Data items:
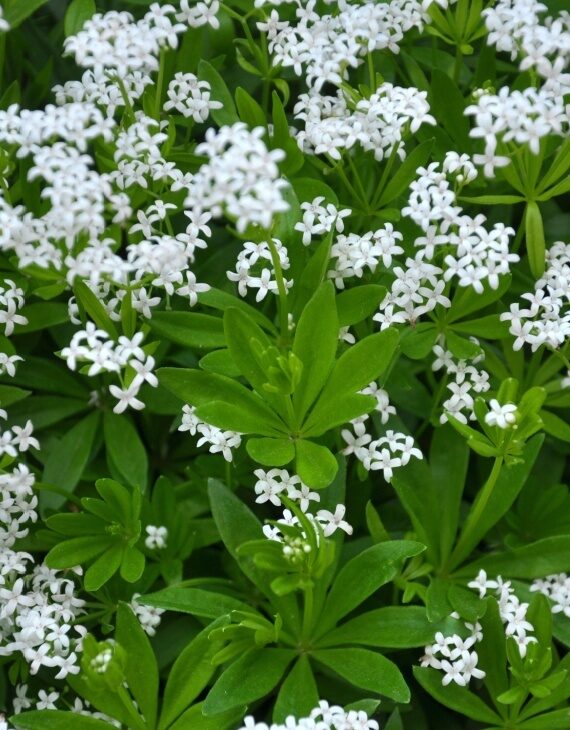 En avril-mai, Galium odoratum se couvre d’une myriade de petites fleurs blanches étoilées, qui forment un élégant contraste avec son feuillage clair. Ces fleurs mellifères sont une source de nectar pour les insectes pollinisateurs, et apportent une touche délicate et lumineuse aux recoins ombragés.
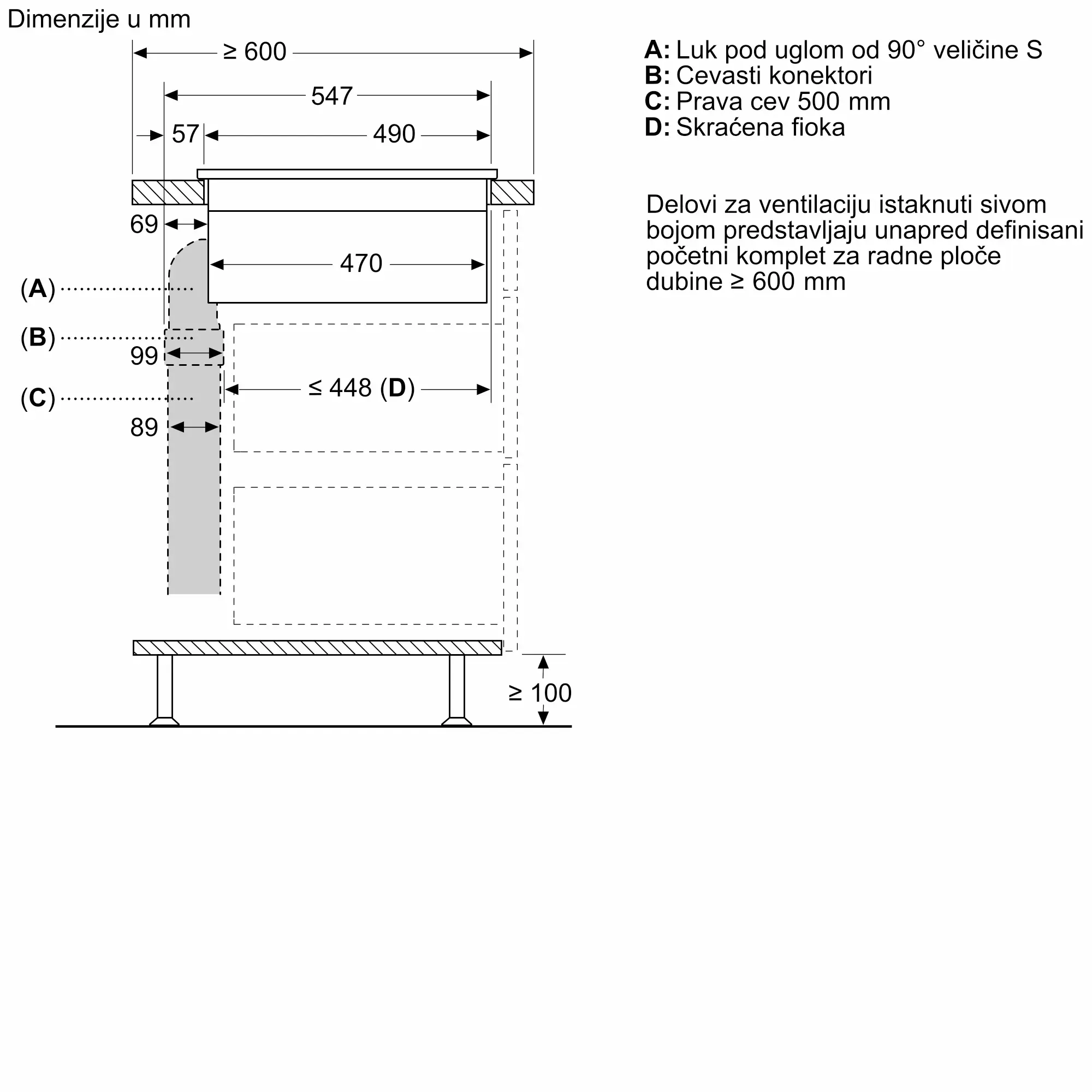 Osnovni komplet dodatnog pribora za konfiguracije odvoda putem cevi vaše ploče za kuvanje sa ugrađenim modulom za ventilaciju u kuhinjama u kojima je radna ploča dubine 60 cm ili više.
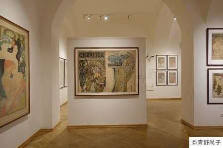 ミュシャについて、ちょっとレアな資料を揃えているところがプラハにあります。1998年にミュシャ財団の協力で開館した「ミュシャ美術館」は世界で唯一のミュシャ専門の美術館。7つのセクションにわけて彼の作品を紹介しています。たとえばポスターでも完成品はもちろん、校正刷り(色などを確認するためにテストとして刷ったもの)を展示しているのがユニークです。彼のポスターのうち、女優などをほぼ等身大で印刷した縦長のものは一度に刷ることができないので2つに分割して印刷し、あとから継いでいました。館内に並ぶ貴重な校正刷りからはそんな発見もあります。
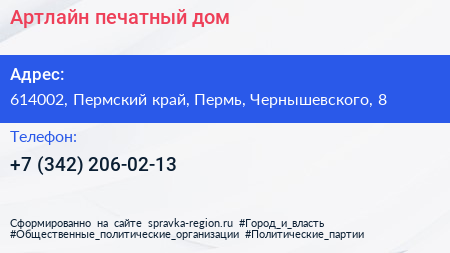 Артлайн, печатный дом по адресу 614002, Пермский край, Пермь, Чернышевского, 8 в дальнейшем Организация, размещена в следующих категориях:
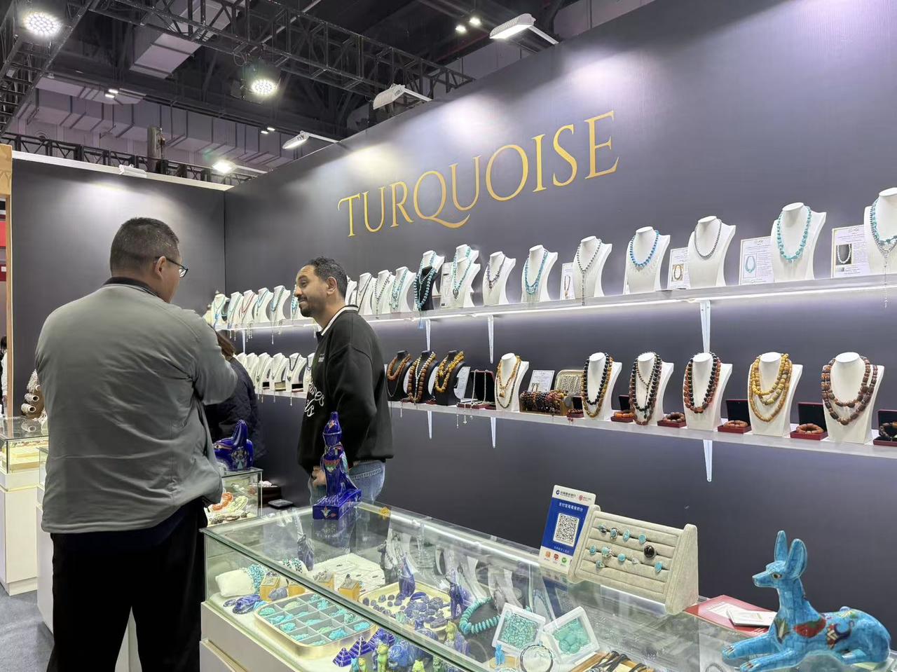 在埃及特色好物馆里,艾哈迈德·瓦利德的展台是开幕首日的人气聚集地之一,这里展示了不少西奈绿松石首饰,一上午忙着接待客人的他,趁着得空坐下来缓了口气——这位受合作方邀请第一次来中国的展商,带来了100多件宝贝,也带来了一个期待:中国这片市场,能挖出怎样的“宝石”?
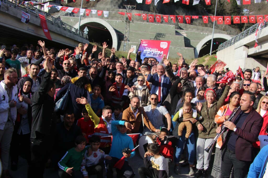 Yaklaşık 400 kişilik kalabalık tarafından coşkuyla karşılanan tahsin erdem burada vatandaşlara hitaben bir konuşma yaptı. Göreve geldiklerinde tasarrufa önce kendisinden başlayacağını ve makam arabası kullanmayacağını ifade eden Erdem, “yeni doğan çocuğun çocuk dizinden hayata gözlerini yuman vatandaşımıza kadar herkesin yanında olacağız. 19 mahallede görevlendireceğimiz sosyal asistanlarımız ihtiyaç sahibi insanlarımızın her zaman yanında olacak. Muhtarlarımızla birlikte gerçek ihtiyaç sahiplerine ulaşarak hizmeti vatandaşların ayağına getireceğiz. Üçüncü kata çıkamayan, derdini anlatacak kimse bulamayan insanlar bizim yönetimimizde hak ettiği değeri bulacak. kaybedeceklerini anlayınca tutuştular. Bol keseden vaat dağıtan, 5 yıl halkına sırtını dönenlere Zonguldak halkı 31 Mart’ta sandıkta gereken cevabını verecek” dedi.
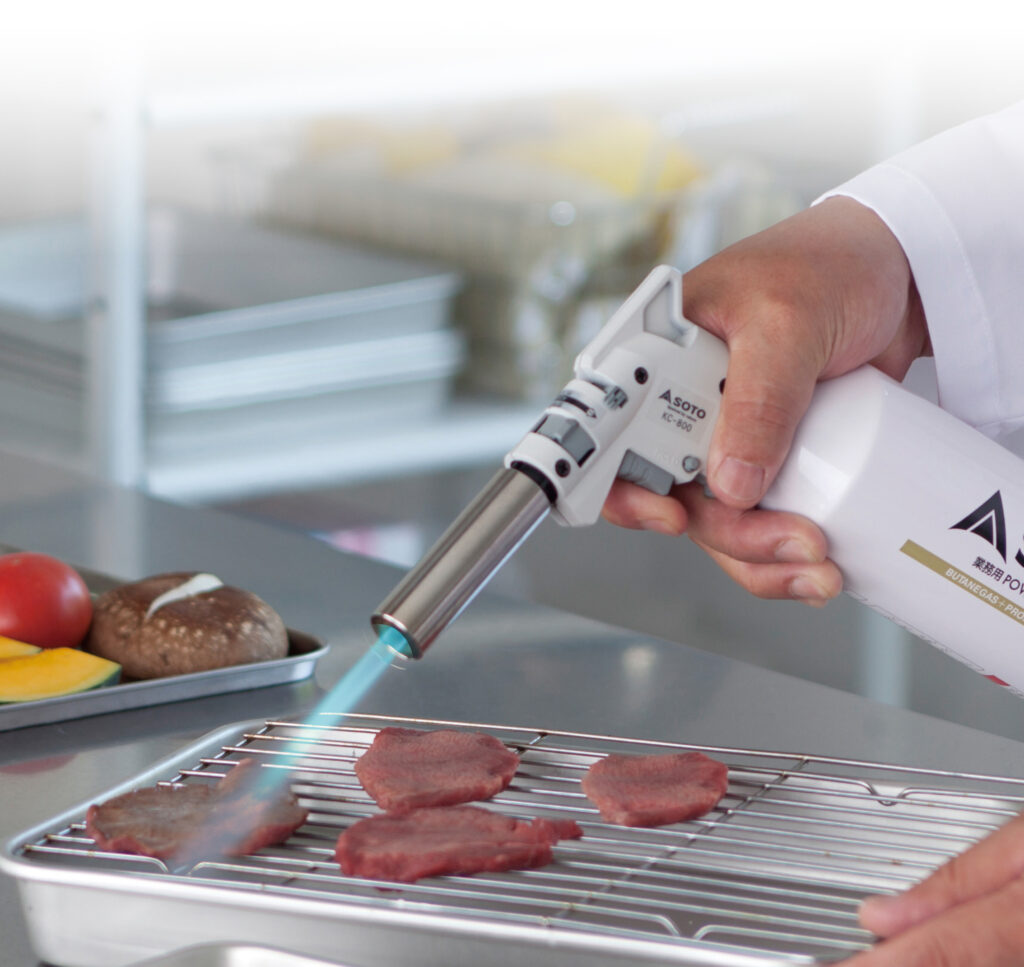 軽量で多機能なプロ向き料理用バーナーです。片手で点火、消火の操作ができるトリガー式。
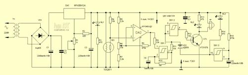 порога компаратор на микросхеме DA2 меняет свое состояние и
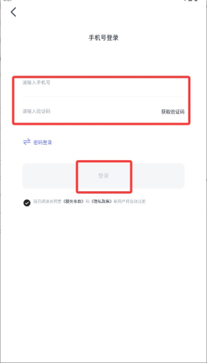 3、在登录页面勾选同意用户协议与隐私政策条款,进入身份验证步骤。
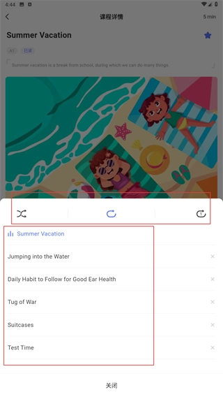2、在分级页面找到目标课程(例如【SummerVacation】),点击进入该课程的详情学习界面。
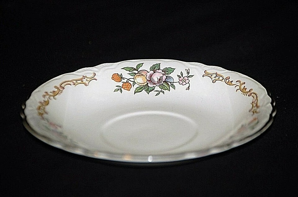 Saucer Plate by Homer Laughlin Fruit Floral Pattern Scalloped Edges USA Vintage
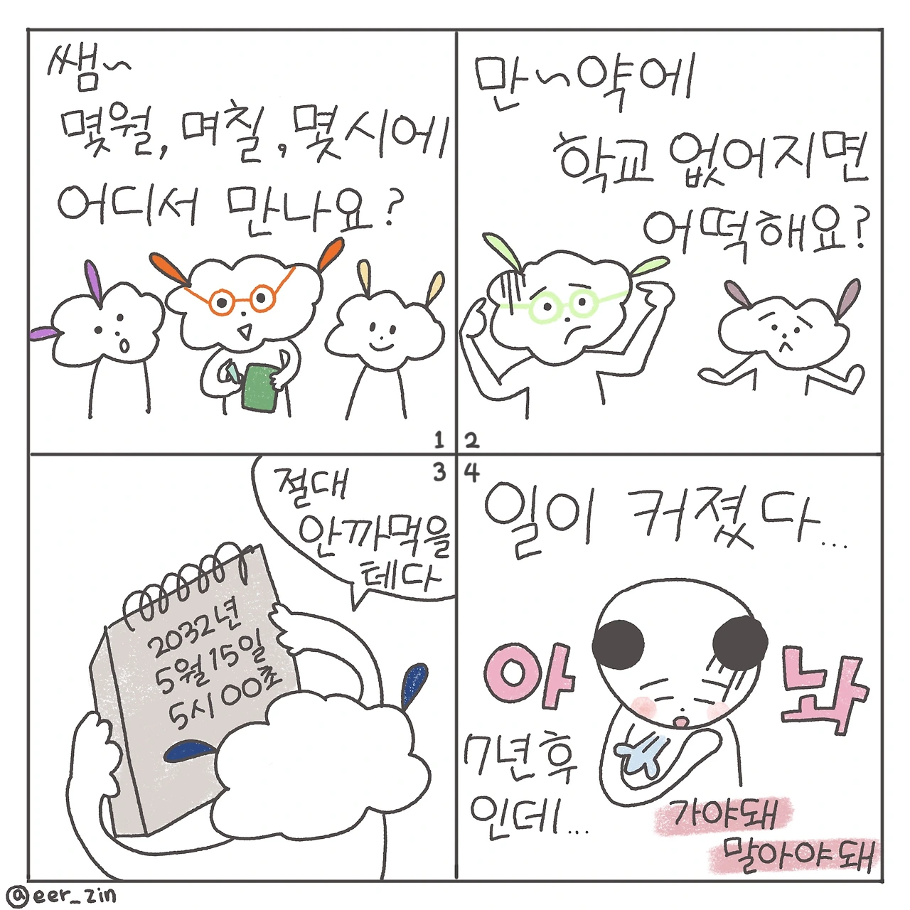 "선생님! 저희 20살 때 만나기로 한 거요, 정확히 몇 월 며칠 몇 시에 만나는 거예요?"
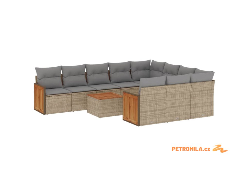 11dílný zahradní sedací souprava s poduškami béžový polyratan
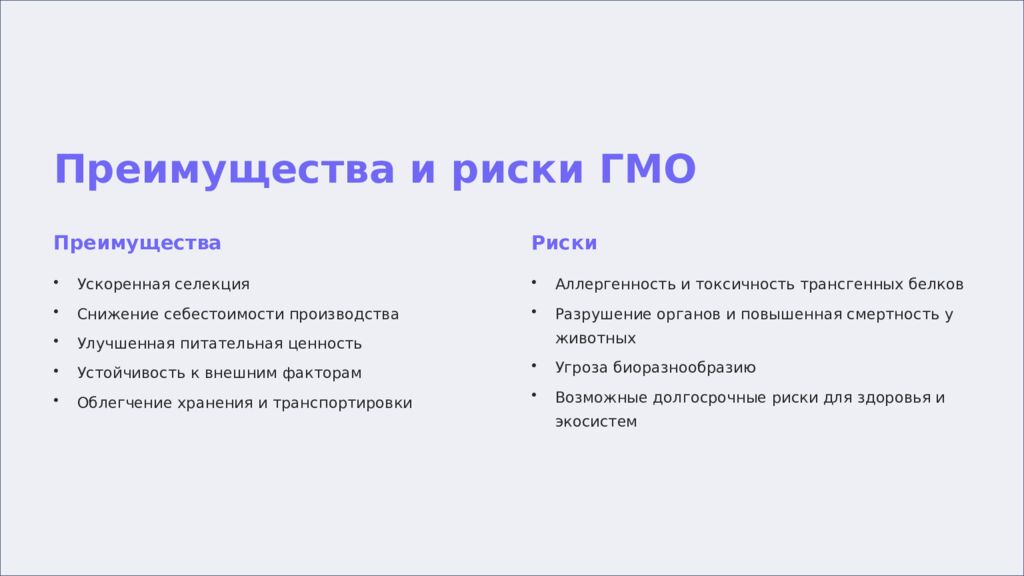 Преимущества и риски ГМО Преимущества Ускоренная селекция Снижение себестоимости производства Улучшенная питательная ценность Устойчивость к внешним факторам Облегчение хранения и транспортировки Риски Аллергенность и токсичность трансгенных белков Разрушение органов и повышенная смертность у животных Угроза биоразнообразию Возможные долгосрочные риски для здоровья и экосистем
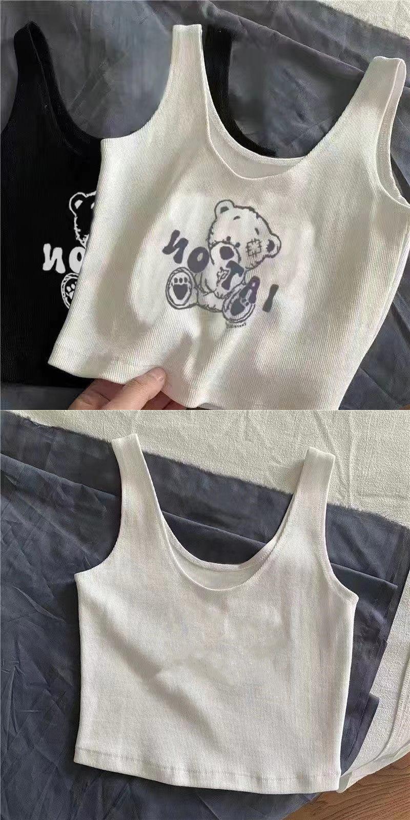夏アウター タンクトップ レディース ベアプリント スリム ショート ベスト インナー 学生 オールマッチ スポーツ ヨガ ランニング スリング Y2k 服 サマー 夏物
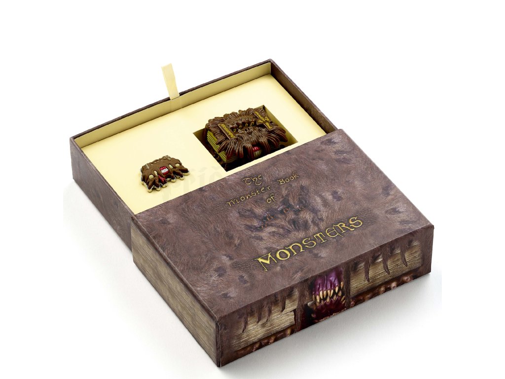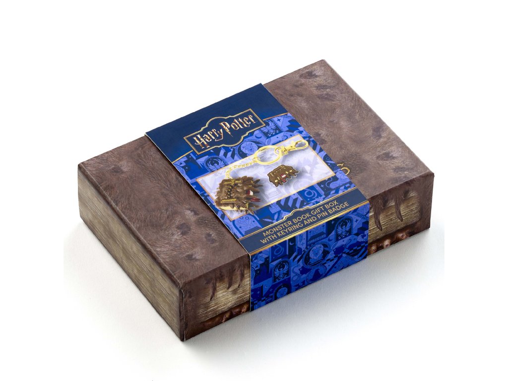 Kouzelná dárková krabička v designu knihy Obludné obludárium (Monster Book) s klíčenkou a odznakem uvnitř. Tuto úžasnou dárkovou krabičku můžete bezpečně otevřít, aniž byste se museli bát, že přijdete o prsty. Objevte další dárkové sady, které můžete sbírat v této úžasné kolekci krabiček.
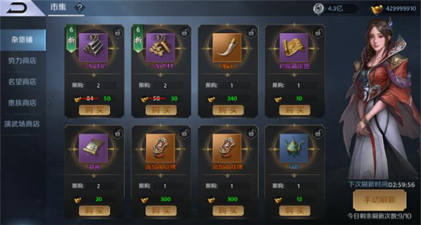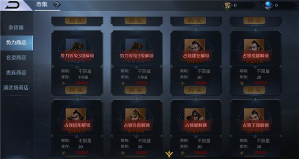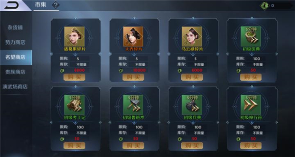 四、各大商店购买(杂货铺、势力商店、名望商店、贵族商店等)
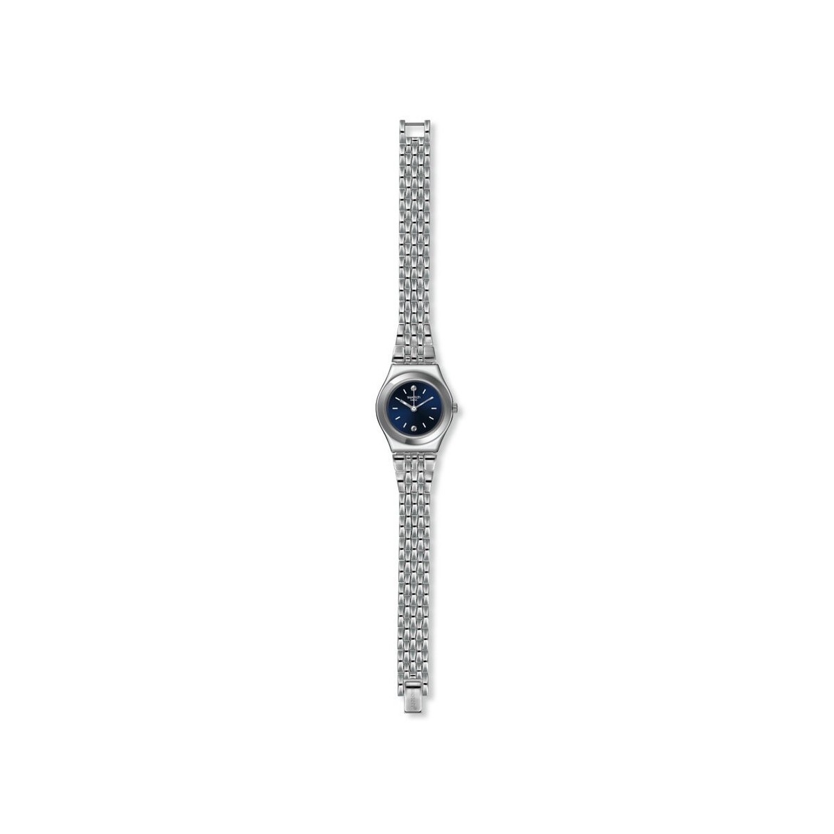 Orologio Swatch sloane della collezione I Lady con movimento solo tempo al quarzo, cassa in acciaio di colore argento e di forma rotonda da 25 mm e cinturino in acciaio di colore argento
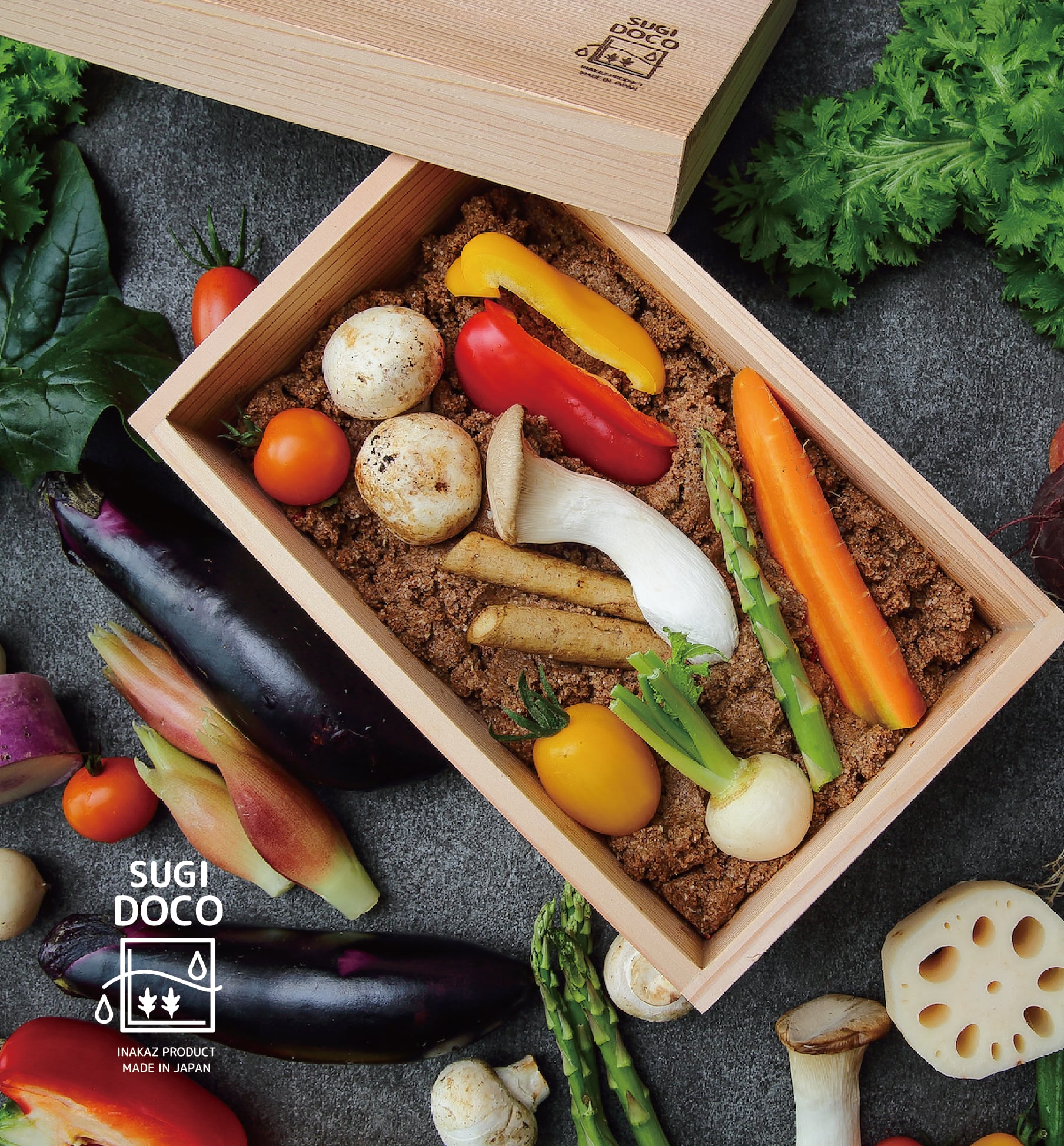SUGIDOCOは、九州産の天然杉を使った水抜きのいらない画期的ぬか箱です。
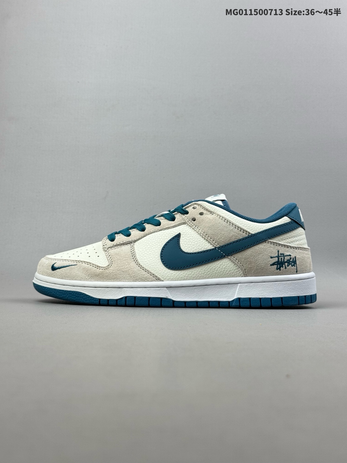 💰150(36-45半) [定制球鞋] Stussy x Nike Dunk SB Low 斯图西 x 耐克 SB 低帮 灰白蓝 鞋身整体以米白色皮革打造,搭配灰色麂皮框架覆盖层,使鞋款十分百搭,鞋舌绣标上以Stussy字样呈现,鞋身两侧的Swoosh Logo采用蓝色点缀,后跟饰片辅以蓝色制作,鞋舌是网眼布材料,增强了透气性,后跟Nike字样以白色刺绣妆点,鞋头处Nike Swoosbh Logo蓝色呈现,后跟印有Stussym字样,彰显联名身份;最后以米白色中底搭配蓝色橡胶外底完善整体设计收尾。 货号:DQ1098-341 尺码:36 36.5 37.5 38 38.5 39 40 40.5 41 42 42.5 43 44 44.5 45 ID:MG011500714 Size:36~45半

Exercise objective — From the line containing "Kouzelná dárková krabička" down to the last line of the entries above, retype each line exactly as it stands, but skip the pictures.

Output for this exercise —
 Kouzelná dárková krabička v designu knihy Obludné obludárium (Monster Book) s klíčenkou a odznakem uvnitř. Tuto úžasnou dárkovou krabičku můžete bezpečně otevřít, aniž byste se museli bát, že přijdete o prsty. Objevte další dárkové sady, které můžete sbírat v této úžasné kolekci krabiček.
 四、各大商店购买(杂货铺、势力商店、名望商店、贵族商店等)
 Orologio Swatch sloane della collezione I Lady con movimento solo tempo al quarzo, cassa in acciaio di colore argento e di forma rotonda da 25 mm e cinturino in acciaio di colore argento
SUGIDOCOは、九州産の天然杉を使った水抜きのいらない画期的ぬか箱です。
 💰150(36-45半) [定制球鞋] Stussy x Nike Dunk SB Low 斯图西 x 耐克 SB 低帮 灰白蓝 鞋身整体以米白色皮革打造,搭配灰色麂皮框架覆盖层,使鞋款十分百搭,鞋舌绣标上以Stussy字样呈现,鞋身两侧的Swoosh Logo采用蓝色点缀,后跟饰片辅以蓝色制作,鞋舌是网眼布材料,增强了透气性,后跟Nike字样以白色刺绣妆点,鞋头处Nike Swoosbh Logo蓝色呈现,后跟印有Stussym字样,彰显联名身份;最后以米白色中底搭配蓝色橡胶外底完善整体设计收尾。 货号:DQ1098-341 尺码:36 36.5 37.5 38 38.5 39 40 40.5 41 42 42.5 43 44 44.5 45 ID:MG011500714 Size:36~45半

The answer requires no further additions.